4. Any work involving human participants requires review by an institution's ethics panel. That applies not only to faculty and staff members of an institution, but its students as well. Students in particular are still beginning to learn the research process, and the idea of students (at any level) being turned loose to simply run whatever they want without oversight is not something a reputable institution will stand for. However, regardless of whether one is a student or a seasoned professional, and regardless of how excited one might be about their research ideas, there is a need for an impartial third party to provide some modicum of oversight - if nothing else to determine the ethical soundness of a particular project. In addition, the Kirkegaard data dump along with its accompanying paper provides another problem: conflict of interest. Not only did Kirkegaard entirely sidestep his institution's IRB, but he made sure that another potential safeguard was sidestepped: the role of the journal editor and peer reviewers. As the editor in chief of the "journal" in which his work was published, Kirkegaard is his own judge, jury, and executioner.
I am sure we all have our own various war stories to tell about our institutions' IRBs or ethics panels, but at the end of the day, they do serve an important function.
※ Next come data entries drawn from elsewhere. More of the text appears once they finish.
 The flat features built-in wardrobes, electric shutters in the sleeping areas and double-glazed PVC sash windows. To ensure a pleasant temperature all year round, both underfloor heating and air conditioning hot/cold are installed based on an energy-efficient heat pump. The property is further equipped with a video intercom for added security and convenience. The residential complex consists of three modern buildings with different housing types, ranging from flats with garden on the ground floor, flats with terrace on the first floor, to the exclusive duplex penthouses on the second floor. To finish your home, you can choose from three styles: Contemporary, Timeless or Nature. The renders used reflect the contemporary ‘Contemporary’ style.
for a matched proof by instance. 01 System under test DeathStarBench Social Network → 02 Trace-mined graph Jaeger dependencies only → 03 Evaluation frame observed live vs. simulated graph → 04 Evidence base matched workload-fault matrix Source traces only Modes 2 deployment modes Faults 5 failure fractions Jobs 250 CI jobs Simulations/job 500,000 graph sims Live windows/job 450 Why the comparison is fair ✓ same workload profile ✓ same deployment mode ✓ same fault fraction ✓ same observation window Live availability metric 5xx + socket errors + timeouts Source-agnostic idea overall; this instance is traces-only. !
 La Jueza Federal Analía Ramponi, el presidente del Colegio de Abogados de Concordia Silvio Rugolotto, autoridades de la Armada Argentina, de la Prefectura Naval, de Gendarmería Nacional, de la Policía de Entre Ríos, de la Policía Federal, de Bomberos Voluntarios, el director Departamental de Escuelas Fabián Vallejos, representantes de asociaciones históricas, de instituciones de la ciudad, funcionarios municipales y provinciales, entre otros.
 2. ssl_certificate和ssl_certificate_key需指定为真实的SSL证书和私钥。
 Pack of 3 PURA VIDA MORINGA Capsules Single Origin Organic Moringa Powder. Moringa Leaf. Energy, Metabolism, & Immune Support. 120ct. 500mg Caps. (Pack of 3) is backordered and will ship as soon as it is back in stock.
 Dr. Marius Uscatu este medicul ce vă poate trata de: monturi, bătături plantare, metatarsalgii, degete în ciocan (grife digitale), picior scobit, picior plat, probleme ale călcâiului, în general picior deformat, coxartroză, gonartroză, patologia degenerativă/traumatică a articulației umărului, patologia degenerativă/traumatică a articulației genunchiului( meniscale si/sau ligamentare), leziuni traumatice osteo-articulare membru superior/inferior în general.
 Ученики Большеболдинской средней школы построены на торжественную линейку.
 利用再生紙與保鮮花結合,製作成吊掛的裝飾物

Regardless of any frustrations I've had with my own, ultimately I and my students get to conduct our research. We may a wait on our hands, but we'd rather err on the side of safety.
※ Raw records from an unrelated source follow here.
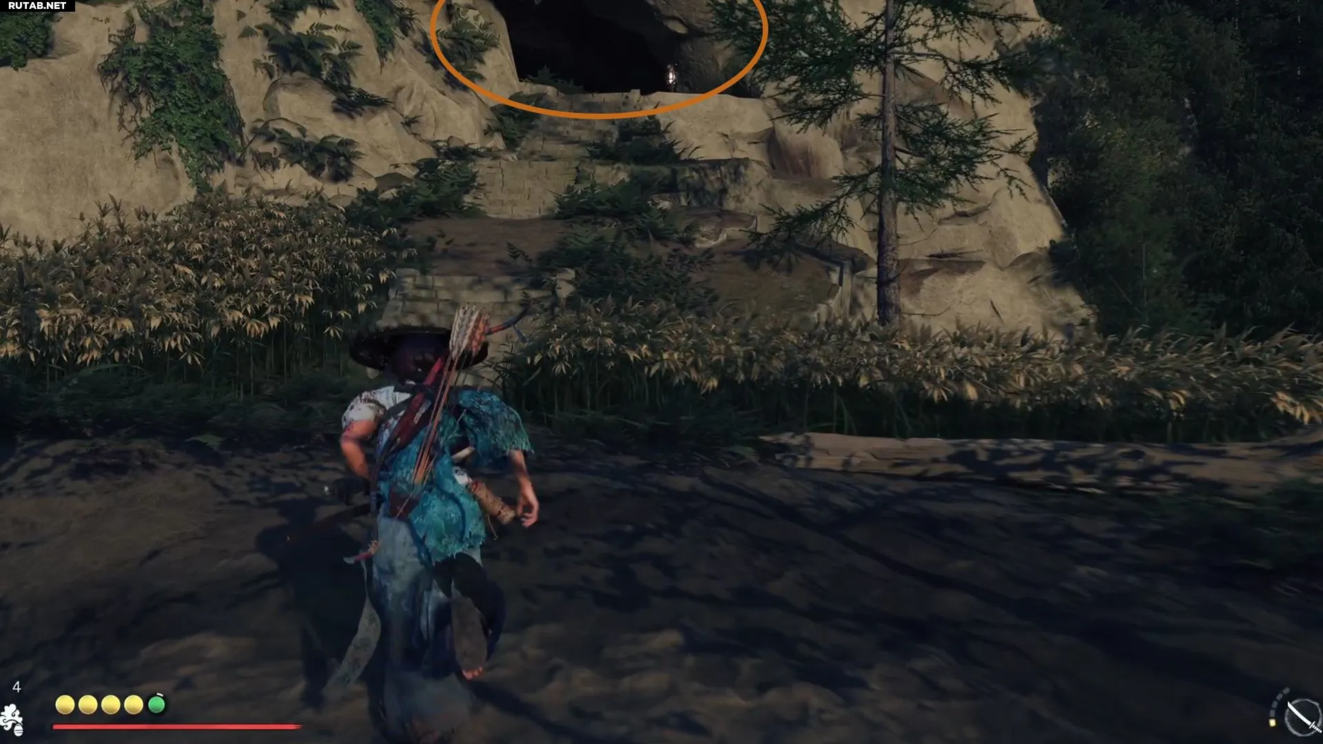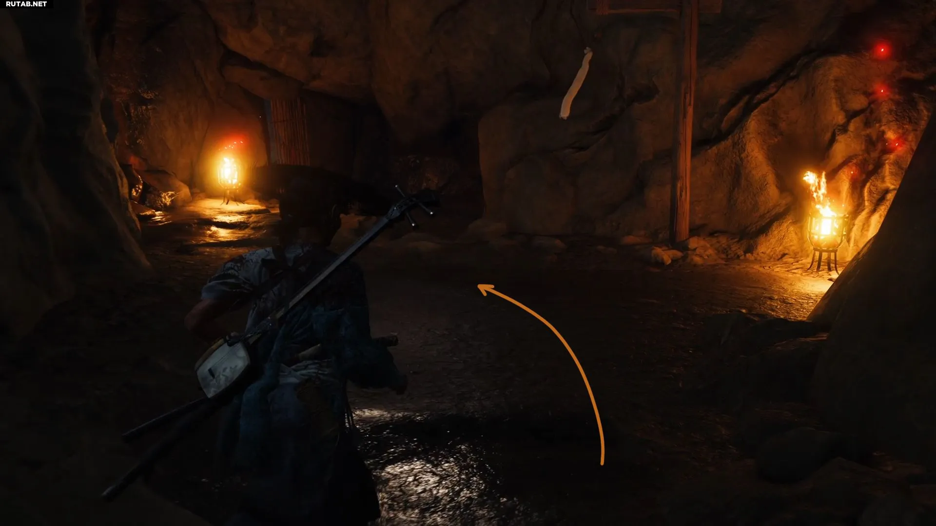 Разобравшись с врагами, Ацу может осмотреть пещеру, но путь внутрь преградит массивная деревянная дверь. Единственный способ попасть внутрь — сыграть на своем сямисэне у ворот. Сома, находясь внутри, оценит музыку и откроет доступ в пещеру.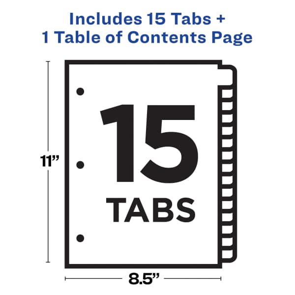 Avery® Ready Index® Plastic 15 Tab Binder Dividers, Customizable Table of Contents, Multicolor Tabs, 1 Set (11820)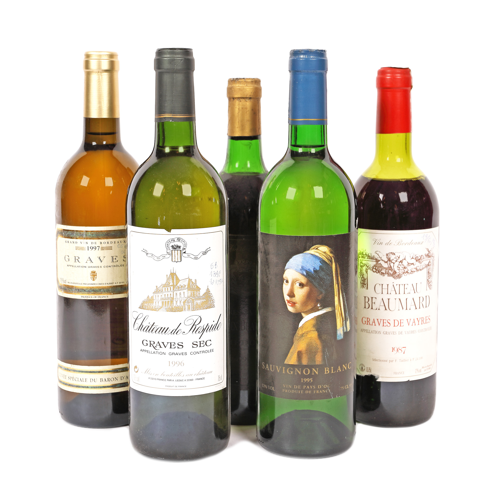 23. Lot format din diverse vinuri franțuzești, 1987-1997, 5st x 0,75l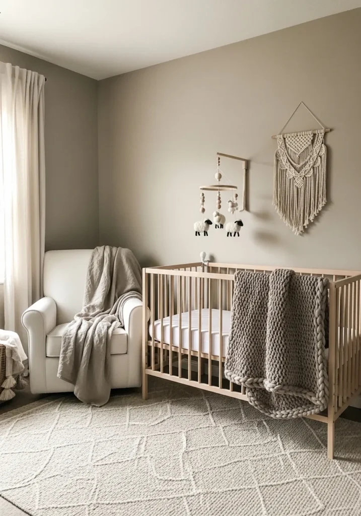 This looks like a light warm gray, and it feels closest to Benjamin Moore Balboa Mist. It’s one of those in-between shades that sits right on the edge of gray and beige, so it never feels cold. In a nursery, it reads soft and steady, especially next to pale wood furniture and simple upholstery.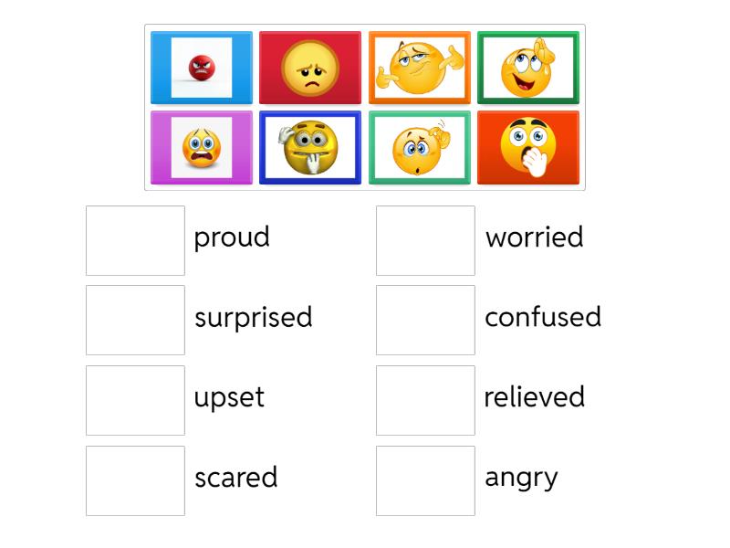 upset, angry, surprised, confused, proud, relieved, worried, scared,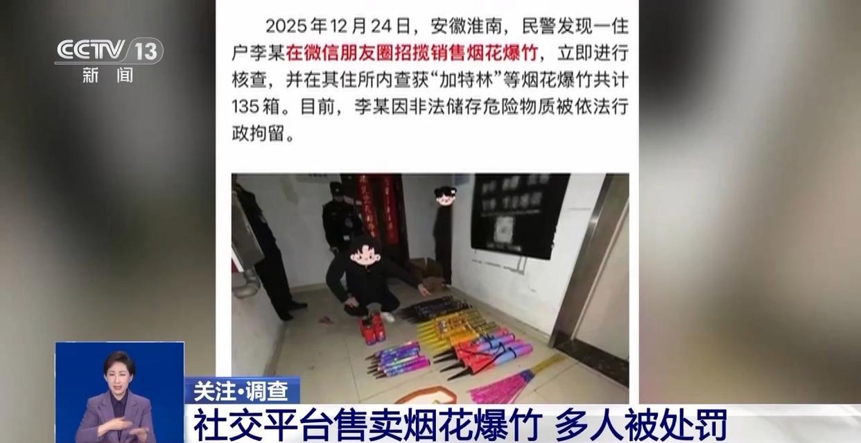 岁末年初,烟花爆竹进入销售旺季。在社交平台或者朋友圈中,您有没有刷到过“烟花爆竹送货上门”的广告?千万注意,这其实是违法行为。售卖烟花爆竹需要符合哪些条件?私自在社交平台售卖及购买存在哪些安全隐患?一起来看,最近多地警方依法查处的多起在朋友圈、社交平台上兜售烟花爆竹的案件。

I am sure that this incident will cast a shadow over the open science movement, which is a shame since I do think that this is a movement that serves a purpose as well. The appeal of the open science movement was its apparent dedication to transparency, leading to better and more ethically sound science. OSF, which housed the data set in question, should simply remove the data set posthaste. In other words, an organization that is the face of the movement needs to take a strong stand now, rather than freeze in a time of crisis. In any form of communication, there is a fine line between openness and TMI (aka., too much information). Kirkegaard has erred on the side of TMI, and could drag down a potentially beneficial movement within the sciences with him in the process. That should concern all of us.